Костя зашел в кабинет и сел в кресло, на которое ему указал Николай Дмитриевич.
- У меня есть к вам пара вопросов, - сразу перешел к делу молодой человек. – Я тут немного зашел в тупик. Вы же работаете в театре с 95ого?
- Да, с 95ого.
- Тогда вы сможете мне помочь. Я нашел информацию о постановке, которой нет в репертуаре театра, но по моим сведениям она была подготовлена и не выпущена. Я говорю о балете  96ого года, «Мост Ватерлоо».
Николай Дмитриевич задумался на секунду.
- Да, был такой балет. Правда, ставил его не я, а приглашенный балетмейстер Клюев. Я тогда был просто режиссером. А что конкретно вас интересует?
- На балет были выделены деньги, уже были готовы декорации, костюмы, я даже нашел нераспечатанную пачку из типографии с программками.

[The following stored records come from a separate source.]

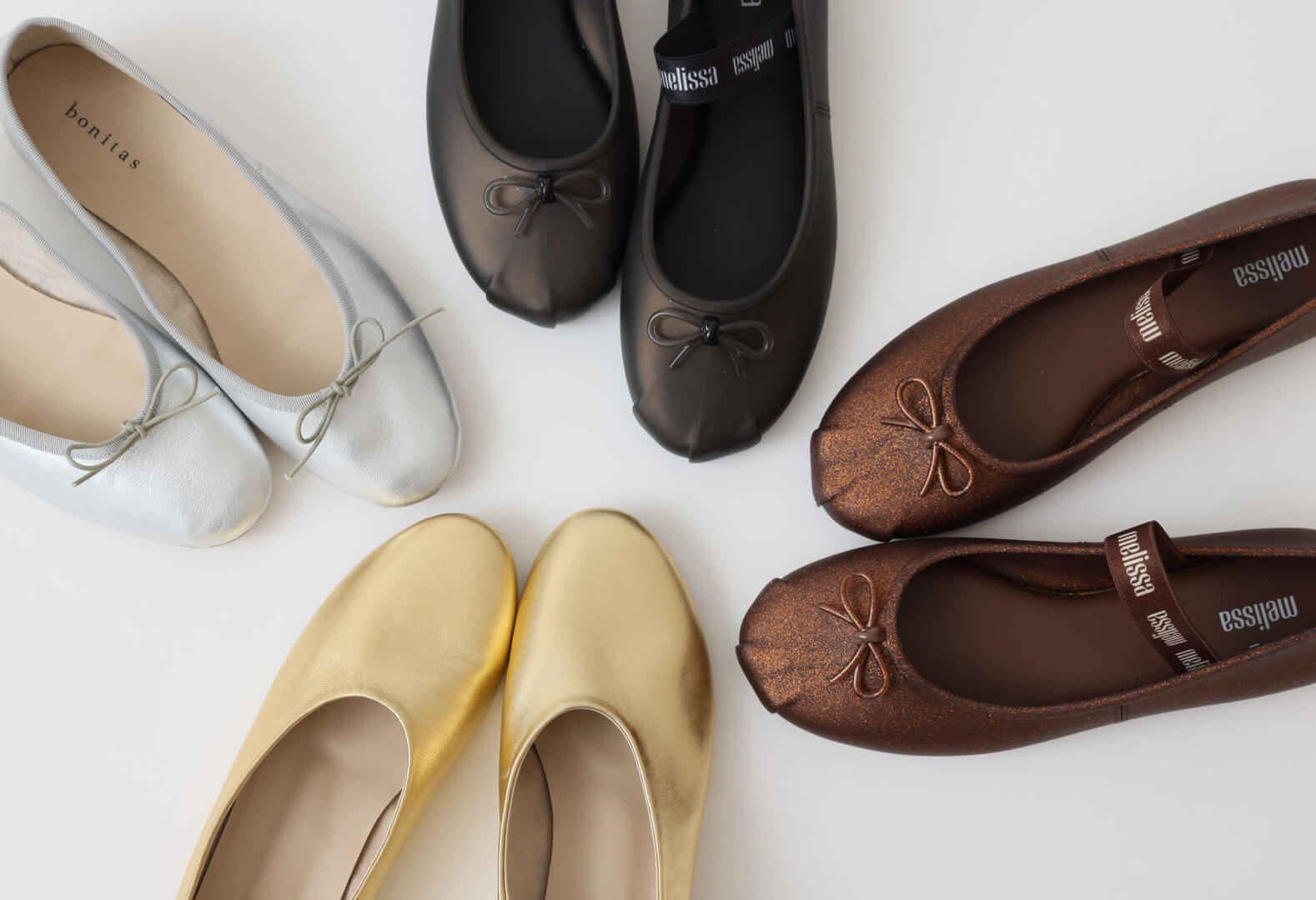 履き慣れたバレエシューズでトライコーデの新しさを印象付けるメタリックなシルバーはこの春の注目トレンド。デイリーに使いやすいバレエでトライしてみて。LE TALONのストラッププリーツバレエが好事例。サテンの光沢が上品なIENA×SPELTAもおすすめ。
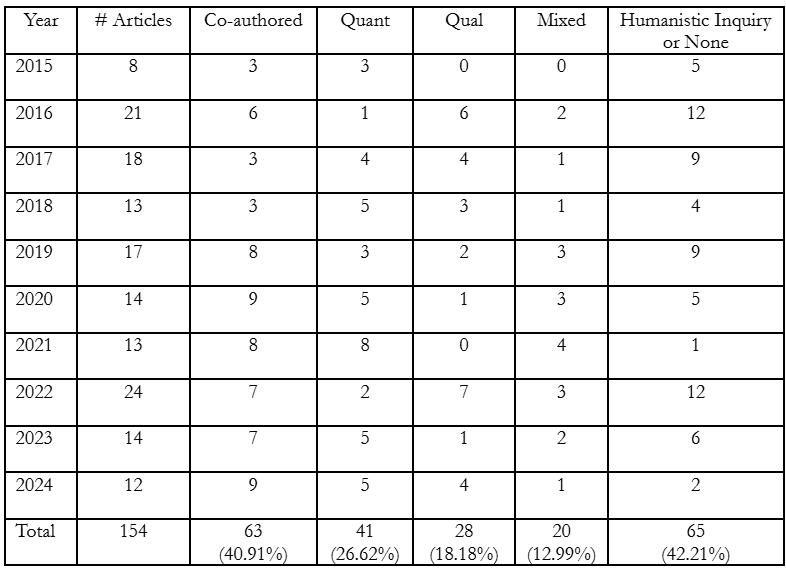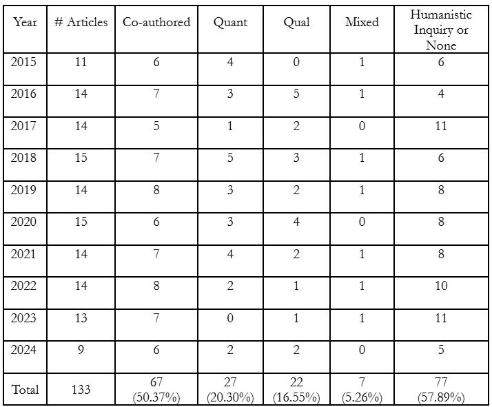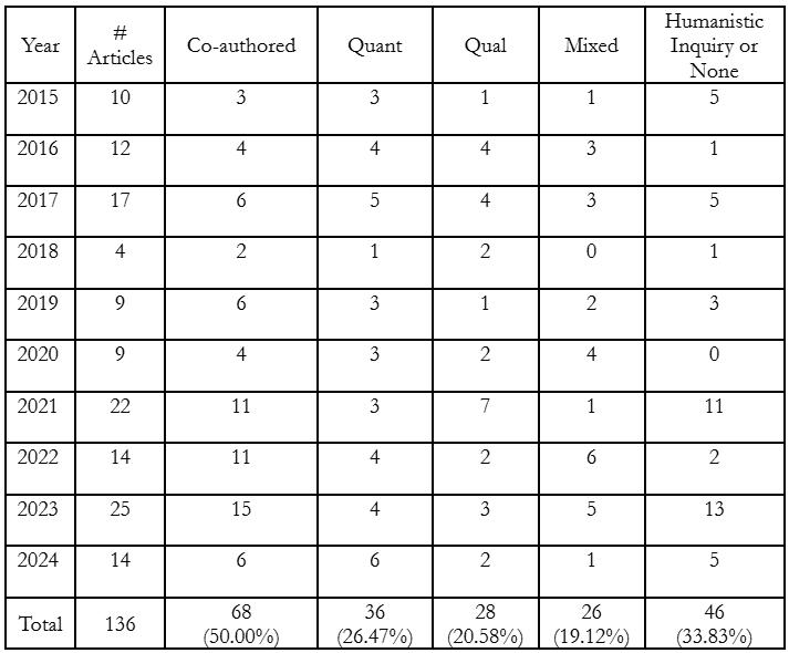 As an early career pre-tenure professor having now successfully co-authored with fifteen undergraduate students, I am glad that the project was ultimately worth the stress and time commitment. Students were also glad to finally be able to read the article and see their experiences be published. I would encourage faculty to pursue co-authoring opportunities, but would encourage people to be aware of some of the struggles of the process.
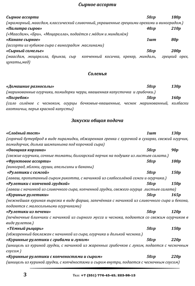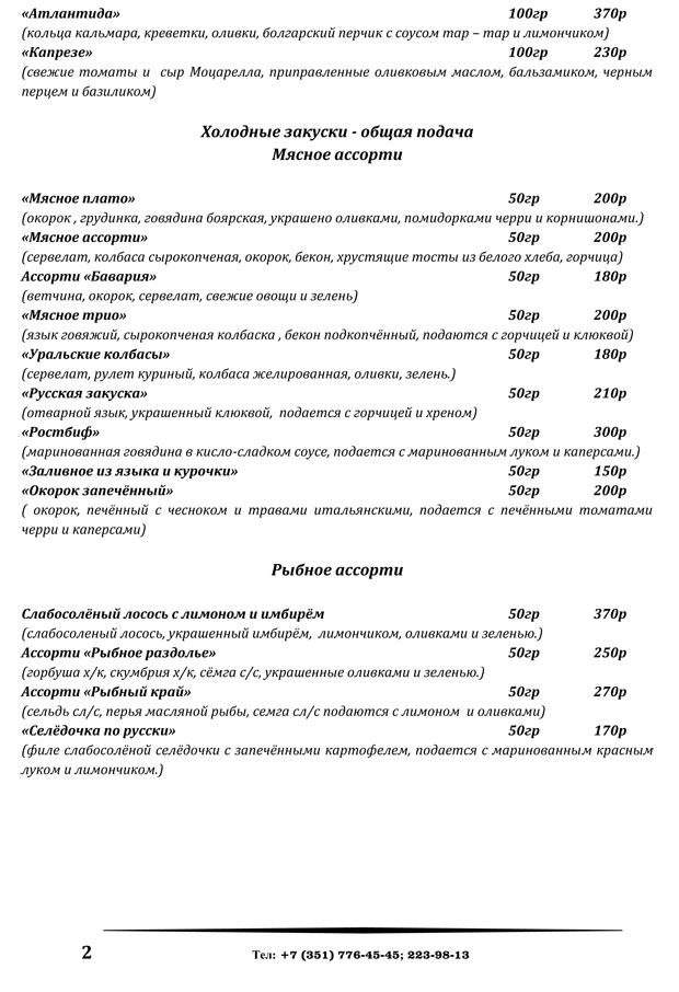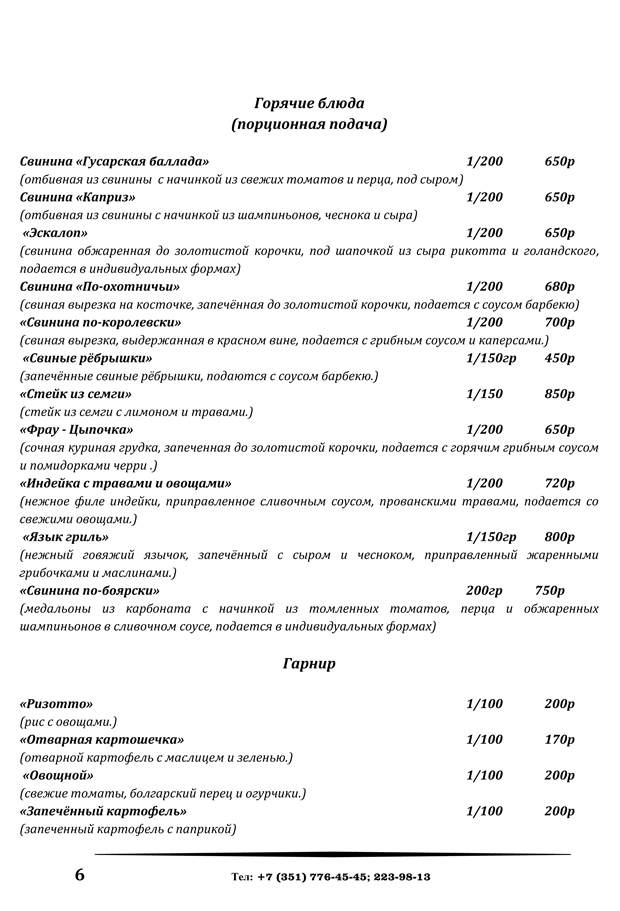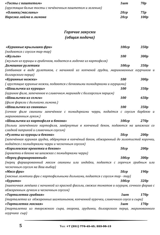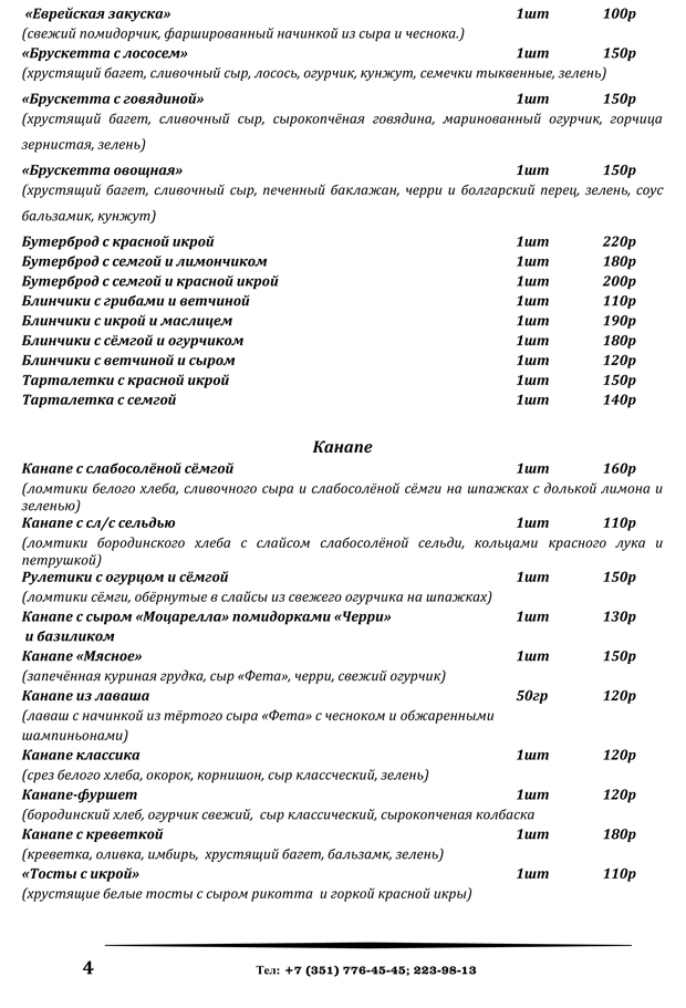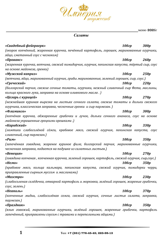 меню банкетного зала и шатров

Да и в афише он заявлен был как премьера, но отменен в последний момент. Я искал документы, объясняющие его отмену, но так ничего и не нашел. Решил узнать у вас – почему балет отменили?
- «Мост Ватерлоо»… Помню-помню, тогда был большой скандал из-за несчастного случая. – Николай Дмитриевич встал и подошел к окну. – На финальном прогоне сорвался один из софитов… пострадали люди… Стали разбираться кто виноват во всем этом, комиссии по безопасности понаехали… Вот и пришлось отменить. Все откладывали-откладывали, да так в итоге и не показали. Хотя странно конечно – надо же было отбивать деньги вложенные в постановку… Но я тогда еще не был в руководстве театра, не знаю всех причин. А вы, Константин, хотите об этом в вашей книге написать?
- Не знаю. Не хотелось бы порочить репутацию театра, надо разобраться перед тем, как писать. Мне интересна не столько отмена спектакля, сколько само произведение. Я слышал, что этот балет мало кто ставит, а если и ставит, то долго он в репертуаре не идет. Хотя сюжет добротный, музыка потрясающая – загадочное какое-то произведение. Я видел эскизы костюмов и декораций нашей постановки – без преувеличения великолепно. Как можно было поставить на такой красоте крест? Может быть, хореография подкачала?
-Насколько я помню, с хореографией там все было в порядке. Знаете что… - Николай Дмитриевич подошел к шкафу, где хранилась его видео и фонотека. – Есть у меня запись одной из репетиций «Моста». Это не последняя, где произошел несчастный случай, а за пару дней до этого – тогда только начался монтаж декораций. Вам это интересно?
- Конечно, - закивал Костя. – Я буду рад посмотреть.
Николай Дмитриевич протянул Косте кассету, но не отдал.
- Вот только не спишите описывать все это в книге. Все же не очень приятная история.
- Хорошо… - не очень уверенно ответил Костя. «Но сначала я разберусь, а потом решу – писать об это или нет».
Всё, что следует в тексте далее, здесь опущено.